▶ **Data shown**:
- Opening Delimiter -
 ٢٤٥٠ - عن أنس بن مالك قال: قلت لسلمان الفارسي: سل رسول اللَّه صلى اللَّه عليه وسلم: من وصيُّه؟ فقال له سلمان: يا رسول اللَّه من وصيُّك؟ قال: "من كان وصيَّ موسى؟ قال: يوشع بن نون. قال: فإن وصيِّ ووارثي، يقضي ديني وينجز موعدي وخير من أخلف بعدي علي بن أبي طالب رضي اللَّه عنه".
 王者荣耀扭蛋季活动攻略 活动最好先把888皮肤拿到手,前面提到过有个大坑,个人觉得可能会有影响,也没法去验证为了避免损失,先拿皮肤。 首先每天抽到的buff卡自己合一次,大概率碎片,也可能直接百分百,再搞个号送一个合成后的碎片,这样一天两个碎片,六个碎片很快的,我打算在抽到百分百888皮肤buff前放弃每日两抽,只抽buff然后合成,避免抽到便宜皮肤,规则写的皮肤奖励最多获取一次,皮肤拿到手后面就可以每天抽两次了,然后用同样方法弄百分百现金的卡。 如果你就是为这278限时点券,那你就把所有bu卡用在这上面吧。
- Closing Delimiter -
- Opening Delimiter -
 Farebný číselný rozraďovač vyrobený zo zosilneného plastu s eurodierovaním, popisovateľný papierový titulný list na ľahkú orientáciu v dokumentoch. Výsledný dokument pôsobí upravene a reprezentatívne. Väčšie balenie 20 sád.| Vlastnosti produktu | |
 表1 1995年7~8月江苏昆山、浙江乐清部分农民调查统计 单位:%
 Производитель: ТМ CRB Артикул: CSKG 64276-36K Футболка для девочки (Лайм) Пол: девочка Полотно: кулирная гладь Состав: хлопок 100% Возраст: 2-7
- Closing Delimiter -
- Opening Delimiter -
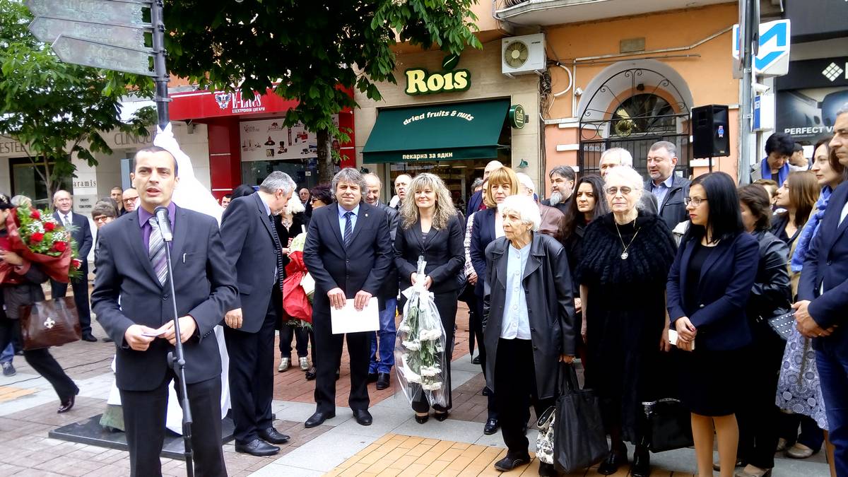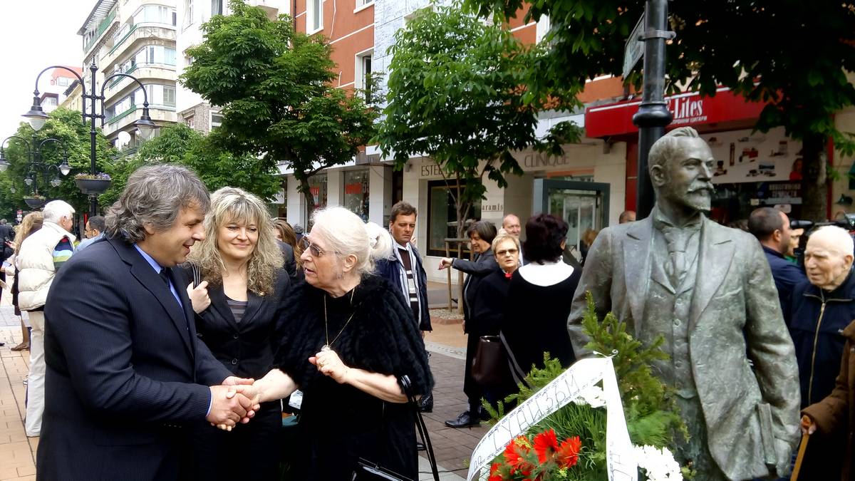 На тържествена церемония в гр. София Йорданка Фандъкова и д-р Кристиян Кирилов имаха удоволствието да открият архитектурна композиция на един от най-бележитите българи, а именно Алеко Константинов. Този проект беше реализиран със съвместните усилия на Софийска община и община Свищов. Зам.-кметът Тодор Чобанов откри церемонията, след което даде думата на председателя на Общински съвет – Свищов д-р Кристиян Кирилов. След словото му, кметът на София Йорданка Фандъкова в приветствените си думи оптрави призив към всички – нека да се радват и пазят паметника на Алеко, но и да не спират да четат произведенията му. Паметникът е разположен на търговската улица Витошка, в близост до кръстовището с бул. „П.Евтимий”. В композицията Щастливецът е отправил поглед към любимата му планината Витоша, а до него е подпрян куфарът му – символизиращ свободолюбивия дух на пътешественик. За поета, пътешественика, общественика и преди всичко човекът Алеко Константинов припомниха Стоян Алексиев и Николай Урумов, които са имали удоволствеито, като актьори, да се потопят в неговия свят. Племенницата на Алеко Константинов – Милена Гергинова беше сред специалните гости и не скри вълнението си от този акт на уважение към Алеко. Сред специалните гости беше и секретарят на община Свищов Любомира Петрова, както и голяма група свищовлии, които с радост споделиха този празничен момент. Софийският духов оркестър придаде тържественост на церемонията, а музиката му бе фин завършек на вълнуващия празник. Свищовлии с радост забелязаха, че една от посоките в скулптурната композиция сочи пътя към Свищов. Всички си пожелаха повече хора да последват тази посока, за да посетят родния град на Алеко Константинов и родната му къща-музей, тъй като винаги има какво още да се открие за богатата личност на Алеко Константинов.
- Closing Delimiter -
▶ **The problem**: What you give back should be only the lines of the records above, starting at the line with "Farebný číselný rozraďovač" and ending at the line with "Производитель: ТМ CRB", restated word for word.

▶ **Your solution**:
 Farebný číselný rozraďovač vyrobený zo zosilneného plastu s eurodierovaním, popisovateľný papierový titulný list na ľahkú orientáciu v dokumentoch. Výsledný dokument pôsobí upravene a reprezentatívne. Väčšie balenie 20 sád.| Vlastnosti produktu | |
 表1 1995年7~8月江苏昆山、浙江乐清部分农民调查统计 单位:%
 Производитель: ТМ CRB Артикул: CSKG 64276-36K Футболка для девочки (Лайм) Пол: девочка Полотно: кулирная гладь Состав: хлопок 100% Возраст: 2-7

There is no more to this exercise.